AICIS+ 2025 Tampil Beda, Siswa Madrasah Unjuk Karya Riset Sains Islami di Forum Internasional

Depok (Kemenag) – Tahun ini, Annual International Conference on Islam, Science, and Society (AICIS+) 2025 tampil berbeda. Di tengah deretan akademisi dari 31 negara, muncul para wajah muda dari madrasah unggulan di Indonesia yang turut memamerkan karya riset mereka.
Mereka hadir bukan sekadar peserta pendamping, tetapi sebagai peneliti muda yang membawa semangat sains Islami ke panggung dunia.

Untuk pertama kalinya, AICIS+ menghadirkan ekspo riset madrasah unggulan di sela-sela konferensi internasional bergengsi tersebut. Langkah ini menandai babak baru pendidikan Islam Indonesia — di mana madrasah tak lagi hanya dikenal sebagai tempat menimba ilmu agama, tetapi juga pusat tumbuhnya inovasi dan riset ilmiah berlandaskan nilai-nilai spiritual.

Sekretaris Jenderal Kementerian Agama RI, Kamaruddin Amin, menilai partisipasi madrasah di forum akademik global ini sebagai wujud nyata integrasi ilmu dan iman.

“Integrasi keilmuan harus dimulai sejak dini. Sains dan nilai-nilai keislaman tak boleh berjalan sendiri-sendiri,” ujarnya.

Sebanyak dua belas madrasah dan Islamic Center dari berbagai daerah di Indonesia ikut serta dalam gelaran AICIS+ 2025. Mereka antara lain berasal dari Sumatera Selatan, Serpong, Pekalongan, Malang, Ciamis, dan sejumlah Madrasah Aliyah Negeri (MAN) di Jakarta dan sekitarnya.

Selain menampilkan hasil riset, para siswa madrasah juga mempersembahkan penampilan seni vokal, tari, dan musik yang menonjolkan kekayaan budaya Islam Indonesia.
Hadir pula perwakilan siswa dalam talk show edukatif, berbagi pengalaman tentang bagaimana riset ilmiah dapat berpadu dengan nilai keislaman dan etika spiritual.

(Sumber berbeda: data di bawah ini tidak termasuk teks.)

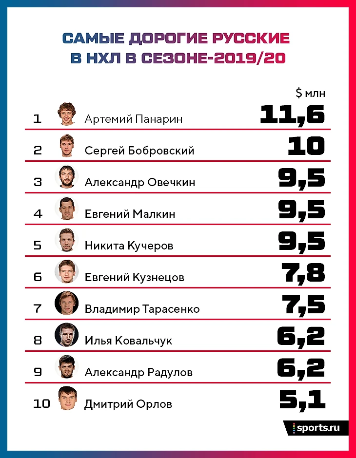 Среди русских игроков у пары экс-хоккеистов «Коламбуса» безусловное лидерство – новые правила рынка выводят их в топ. Да, чистыми Никита Кучеров заработает больше Артемия (налоговый рай Флориды), но вот по части суммарной зарплаты он все равно уступает и Бобровскому, и Панарину.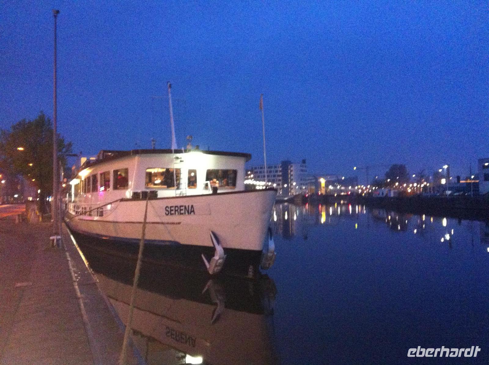 Es ist ein langer Weg nach Amsterdam, den wir mit dem Bus zurücklegen mussten, denn wir wollten auch unsere eigenen Räder mit dabei haben. Um die Abfahrt des Schiffs in Amsterdam nicht zu verpassen, ging es daher schon recht früh los, doch am Nachmittag kamen wir pünktlich in Amsterdam an. Nun schifften wir an Bord der „MS Serena“ ein und sollten nach den Sicherheitsbelehrungen eigentlich auch ablegen, doch machte uns das Wetter einen Strich durch die Rechnung, wir konnten nicht ablegen um nach Hoorn zu fahren, sondern mussten auf besseres Wetter für den kommenden Morgen hoffen. So ganz ungelegen kam uns das aber auch nicht, denn so hatten wir noch Zeit, um nach dem Abendessen Amsterdam zu entdecken und uns die Füße von unserer Busfahrt zu vertreten. Trotz Regen war in der Stadt beeindruckend viel los, das hatten wir alle nicht so richtig erwartet.

Kehadiran mereka menambah dinamika tersendiri di tengah atmosfer akademik internasional, menunjukkan bahwa dunia madrasah kini tak hanya memelihara tradisi, tetapi juga menatap masa depan.

Karya riset yang dibawa para siswa madrasah beragam — mulai dari inovasi teknologi ramah lingkungan, pengembangan alat belajar berbasis Al-Qur’an, hingga proyek sosial berbasis sains terapan. Semua karya itu berpijak pada gagasan besar: sains dapat menjadi bentuk pengabdian dan ibadah.

Salah satu perwakilan siswa madrasah menyebut, riset yang mereka lakukan tidak hanya mengejar aspek ilmiah, tetapi juga menghidupkan nilai tanggung jawab terhadap alam dan sesama manusia.

“Kami ingin menunjukkan bahwa belajar sains juga bisa menjadi jalan untuk berbuat baik dan beribadah,” ungkapnya.

Direktur Jenderal Pendidikan Islam, Prof. Amien Suyitno, menegaskan bahwa keikutsertaan siswa madrasah dalam AICIS+ merupakan bagian dari visi besar Kementerian Agama untuk melahirkan generasi Muslim saintifik.

“Kita ingin madrasah menjadi tempat lahirnya generasi yang saleh sekaligus ilmiah. Mereka tidak hanya menguasai pengetahuan agama, tapi juga mampu berinovasi untuk kemanusiaan,” tegasnya.

Melalui kegiatan seperti AICIS+, madrasah kini dilihat sebagai poros baru pendidikan Islam modern — lembaga yang menanamkan nilai spiritual sekaligus memupuk daya pikir ilmiah sejak usia muda.

Partisipasi madrasah dalam AICIS+ 2025 menjadi bukti nyata bahwa riset keislaman tidak lagi eksklusif di kampus besar, melainkan tumbuh di ruang-ruang kelas madrasah yang penuh semangat dan rasa ingin tahu.